#### DATASET EXCERPTS

****

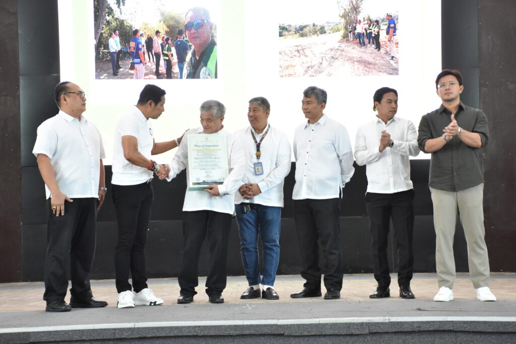 JOB WELL DONE. Bulacan Governor Daniel R. Fernando awards the Plaque of Commendation to Head Agent Julio T. Cajigan, Jr. of the National Bureau of Investigation – Bulacan District Office during the Monday Flag Ceremony held at The Pavilion in Hiyas ng Bulacan Convention Center, City of Malolos, Bulacan in recognition of their vital role in the recently conducted Environmental Protection Operation with the Bulacan Environmental and Natural Resources Office at the City of San Jose Del Monte, Bulacan. Also in the photo are (R-L) Vice Governor Alexis C. Castro, NBI Senior Agent Isriel Mark O. Dayrit, Supervising Agent Oliver D. Baisa-EXO, Supervising Agent Rudthen M. Mendoza, and BENRO Head Atty. Julius Victor C. Degala.
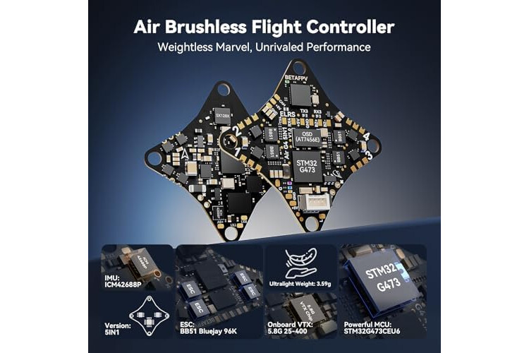 Update 5IN1 Air Brushless FC: Der erste bürstenlose 1S FC, der den G473-Prozessor mit überlegener rechenleistung verwendet und mit einem ICM42688P gyroskop ausgestattet ist. Diese komplettlösung integriert nahtlos FC, ESC, OSD, RX und Onboard 5.8 25~400 VTX und wiegt nur 3,6g
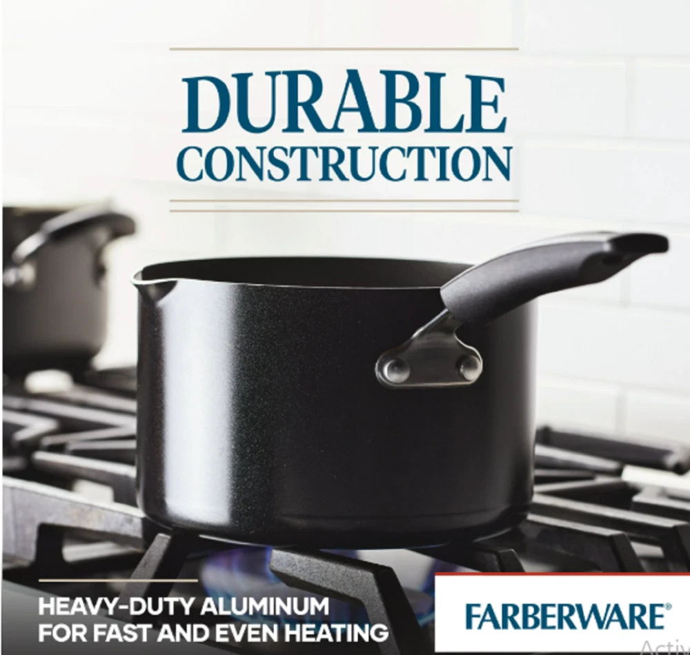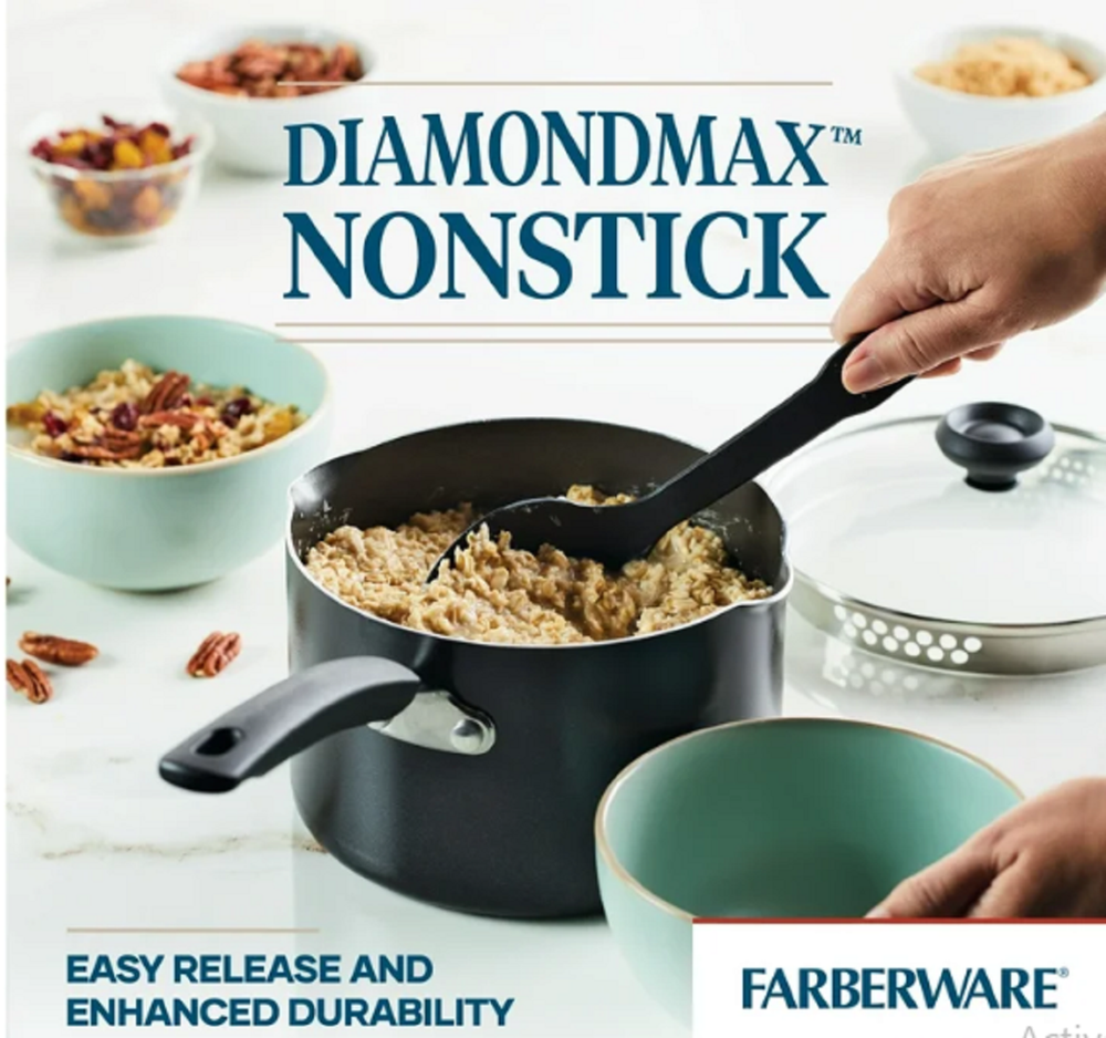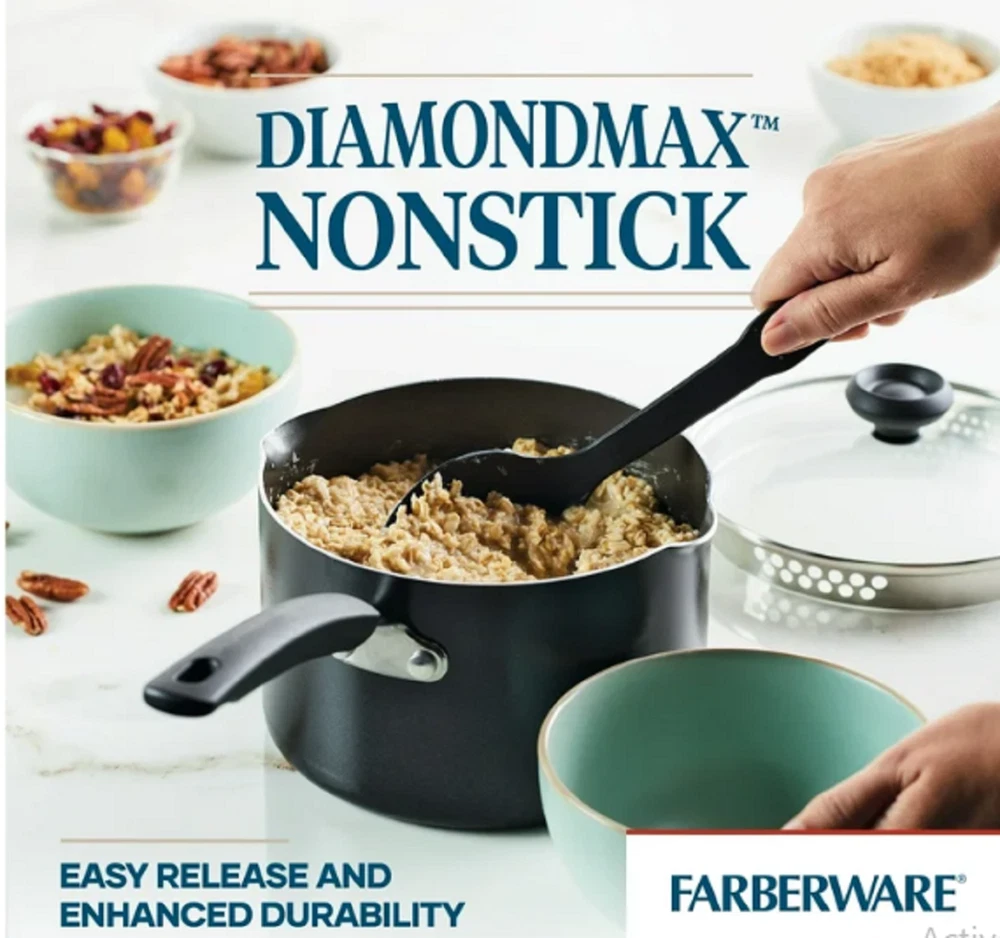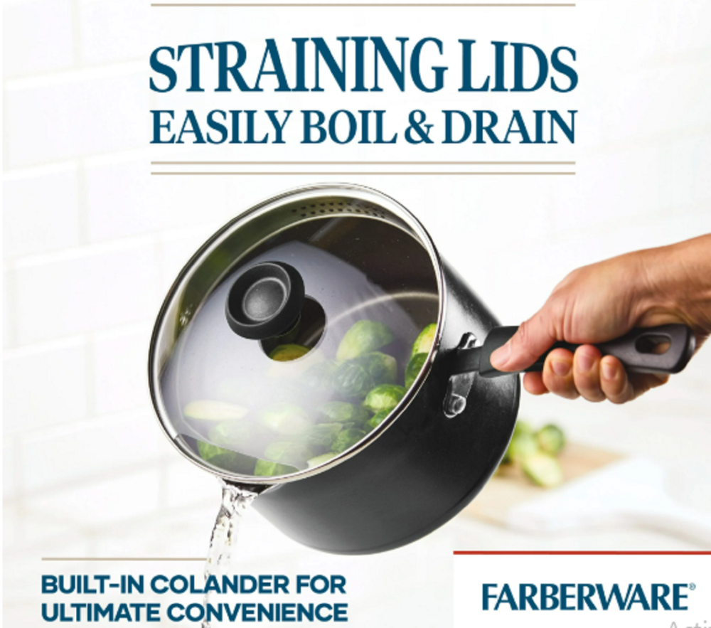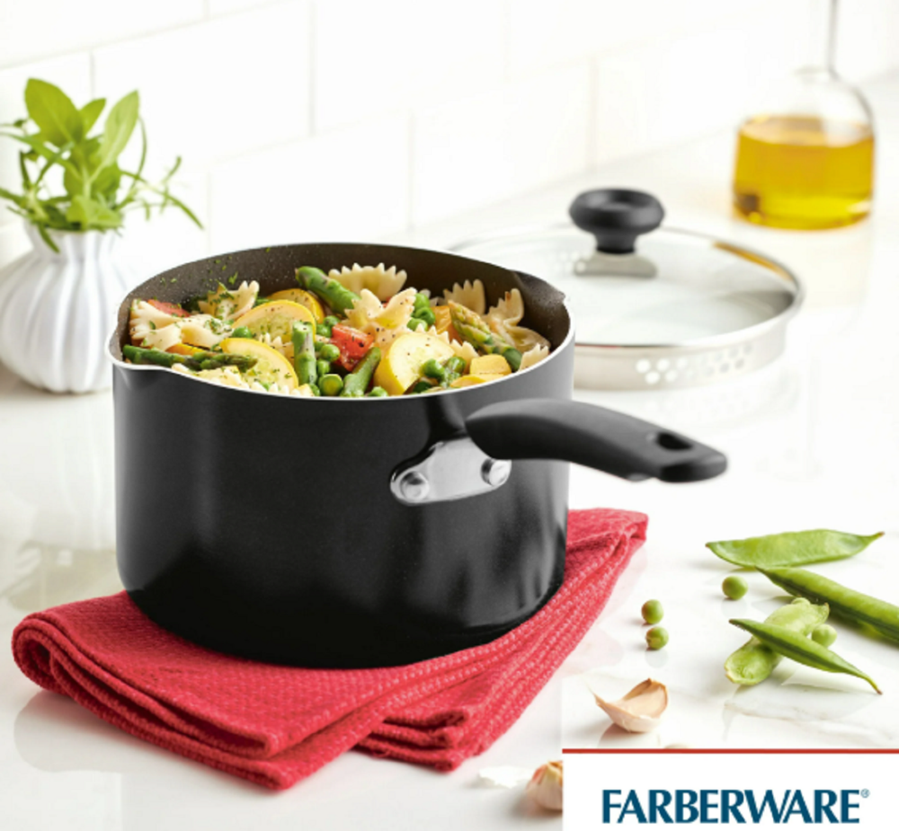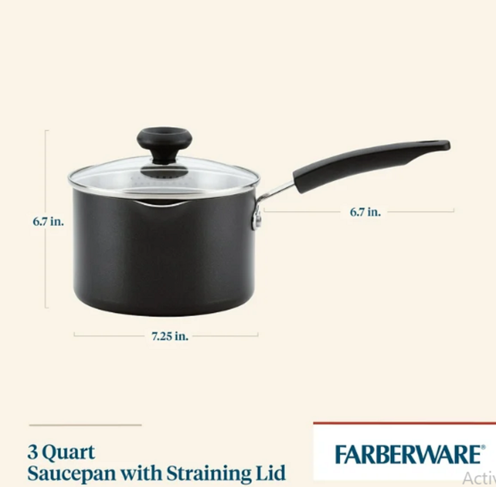 Farberware Easy Clean 3 Quart Nonstick Straining Sauce Pan with Pouring Spout and Lid, Dishwasher Safe, Black Description: Boil, braise, simmer and sear with the value, modern convenience and the quality performance home cooks have depended on since 1900 using the Farberware® Easy Clean 3-Quart Covered Straining Saucepan. This versatile, dishwasher-safe saucepan is perfect for everyday cooking of family favorite recipes like Cilantro Black Beans and Sausage or a one-pot feast of Moroccan Chicken and Rice with Chickpeas. The saucepan boasts high-quality DiamondMax™ nonstick for superior food release that performs 3X better than traditional ceramic nonsticks, and a black pan exterior adds a touch of style to any kitchen. Oven safe to 350°F, the saucepan is constructed from heavy-duty aluminum that heats quickly and evenly, reducing hot spots that can burn foods. A double-riveted handle helps cooks move around the kitchen with confidence, and a shatter-resistant glass lid seals in heat and moisture while also acting as a convenient strainer for pasta water or cooking juices. Best of all, Farberware® Easy Clean is dishwasher safe for the perfect combination of function and style. Please the family with favorite foods and ease the cooking and cleaning, with the dishwasher-safe convenience of the Farberware® Easy Clean 3-Quart Covered Straining Saucepan. BUILT TO LAST: Durable dishwasher-safe nonstick skillet makes everyday cooking easy and cleanup even easier FAST EVEN HEAT: The aluminum construction heats quickly and evenly, reducing hot spots that burn foods SMOOTH RELEASE: High-quality DiamondMax™ nonstick provides superior food release that performs 3X better than traditional ceramic nonsticks SOLID HANDLING: Sturdy, double riveted handle helps cooks move confidently from stove to oven to table PUT A LID ON IT: Glass lid incorporates a convenient strainer and allows the cooking process to be monitored while keeping heat and moisture sealed in STOVE TO OVEN: Oven safe to 350 degrees F for moving family recipes from stovetop to oven to table
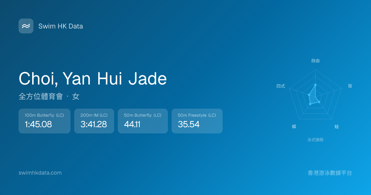 此圖表根據你所有比賽成績計算,顯示你在各泳式的相對強弱,僅供參考。繼續努力,每一次練習都會讓你更快更強!💪
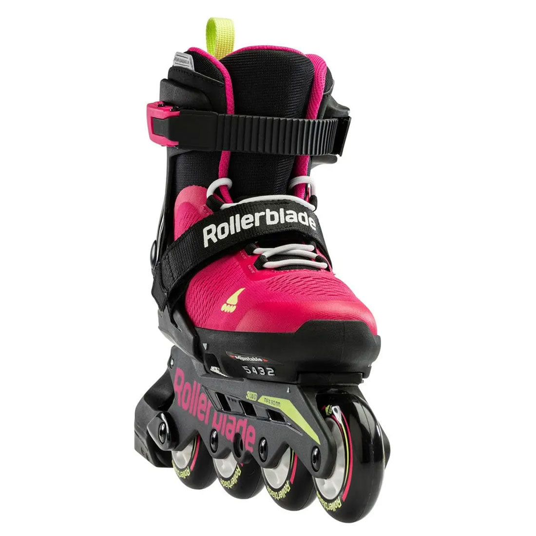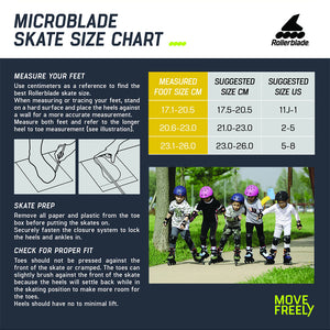 Microblade is a high-quality adjustable skate for kids. Using Rollerblade expertise, the skates are adjustable four full sizes. An easy-to-use extension system works with the push of a button and markers in the toe area align the skates to the correct size. Junior Fit support includes an engineered mesh for breathability and provides enhanced comfort.
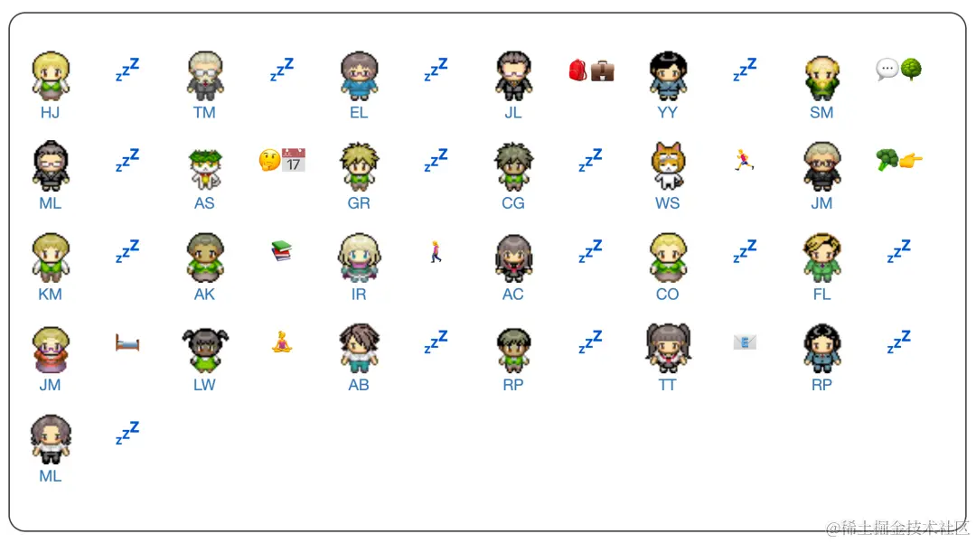 在沙盒的每个 step 内,智能体都输出一个自然语言语句,以描述它们当前的动作,例如语句「Isabella Rodriguez 正在写日记」、「Isabella Rodriguez 正在查看邮件」等。然后这些自然语言被转化为影响沙盒世界的具体动作。动作以一组表情符号的形式显示在沙盒界面上,这些表情符号提供了动作的抽象表征。

****

#### PROBLEM DESCRIPTION
Print the data above in full and exactly as it appears, skipping the pictures.

#### OUTPUT FOR THIS TASK
 JOB WELL DONE. Bulacan Governor Daniel R. Fernando awards the Plaque of Commendation to Head Agent Julio T. Cajigan, Jr. of the National Bureau of Investigation – Bulacan District Office during the Monday Flag Ceremony held at The Pavilion in Hiyas ng Bulacan Convention Center, City of Malolos, Bulacan in recognition of their vital role in the recently conducted Environmental Protection Operation with the Bulacan Environmental and Natural Resources Office at the City of San Jose Del Monte, Bulacan. Also in the photo are (R-L) Vice Governor Alexis C. Castro, NBI Senior Agent Isriel Mark O. Dayrit, Supervising Agent Oliver D. Baisa-EXO, Supervising Agent Rudthen M. Mendoza, and BENRO Head Atty. Julius Victor C. Degala.
 Update 5IN1 Air Brushless FC: Der erste bürstenlose 1S FC, der den G473-Prozessor mit überlegener rechenleistung verwendet und mit einem ICM42688P gyroskop ausgestattet ist. Diese komplettlösung integriert nahtlos FC, ESC, OSD, RX und Onboard 5.8 25~400 VTX und wiegt nur 3,6g
 Farberware Easy Clean 3 Quart Nonstick Straining Sauce Pan with Pouring Spout and Lid, Dishwasher Safe, Black Description: Boil, braise, simmer and sear with the value, modern convenience and the quality performance home cooks have depended on since 1900 using the Farberware® Easy Clean 3-Quart Covered Straining Saucepan. This versatile, dishwasher-safe saucepan is perfect for everyday cooking of family favorite recipes like Cilantro Black Beans and Sausage or a one-pot feast of Moroccan Chicken and Rice with Chickpeas. The saucepan boasts high-quality DiamondMax™ nonstick for superior food release that performs 3X better than traditional ceramic nonsticks, and a black pan exterior adds a touch of style to any kitchen. Oven safe to 350°F, the saucepan is constructed from heavy-duty aluminum that heats quickly and evenly, reducing hot spots that can burn foods. A double-riveted handle helps cooks move around the kitchen with confidence, and a shatter-resistant glass lid seals in heat and moisture while also acting as a convenient strainer for pasta water or cooking juices. Best of all, Farberware® Easy Clean is dishwasher safe for the perfect combination of function and style. Please the family with favorite foods and ease the cooking and cleaning, with the dishwasher-safe convenience of the Farberware® Easy Clean 3-Quart Covered Straining Saucepan. BUILT TO LAST: Durable dishwasher-safe nonstick skillet makes everyday cooking easy and cleanup even easier FAST EVEN HEAT: The aluminum construction heats quickly and evenly, reducing hot spots that burn foods SMOOTH RELEASE: High-quality DiamondMax™ nonstick provides superior food release that performs 3X better than traditional ceramic nonsticks SOLID HANDLING: Sturdy, double riveted handle helps cooks move confidently from stove to oven to table PUT A LID ON IT: Glass lid incorporates a convenient strainer and allows the cooking process to be monitored while keeping heat and moisture sealed in STOVE TO OVEN: Oven safe to 350 degrees F for moving family recipes from stovetop to oven to table
 此圖表根據你所有比賽成績計算,顯示你在各泳式的相對強弱,僅供參考。繼續努力,每一次練習都會讓你更快更強!💪
 Microblade is a high-quality adjustable skate for kids. Using Rollerblade expertise, the skates are adjustable four full sizes. An easy-to-use extension system works with the push of a button and markers in the toe area align the skates to the correct size. Junior Fit support includes an engineered mesh for breathability and provides enhanced comfort.
 在沙盒的每个 step 内,智能体都输出一个自然语言语句,以描述它们当前的动作,例如语句「Isabella Rodriguez 正在写日记」、「Isabella Rodriguez 正在查看邮件」等。然后这些自然语言被转化为影响沙盒世界的具体动作。动作以一组表情符号的形式显示在沙盒界面上,这些表情符号提供了动作的抽象表征。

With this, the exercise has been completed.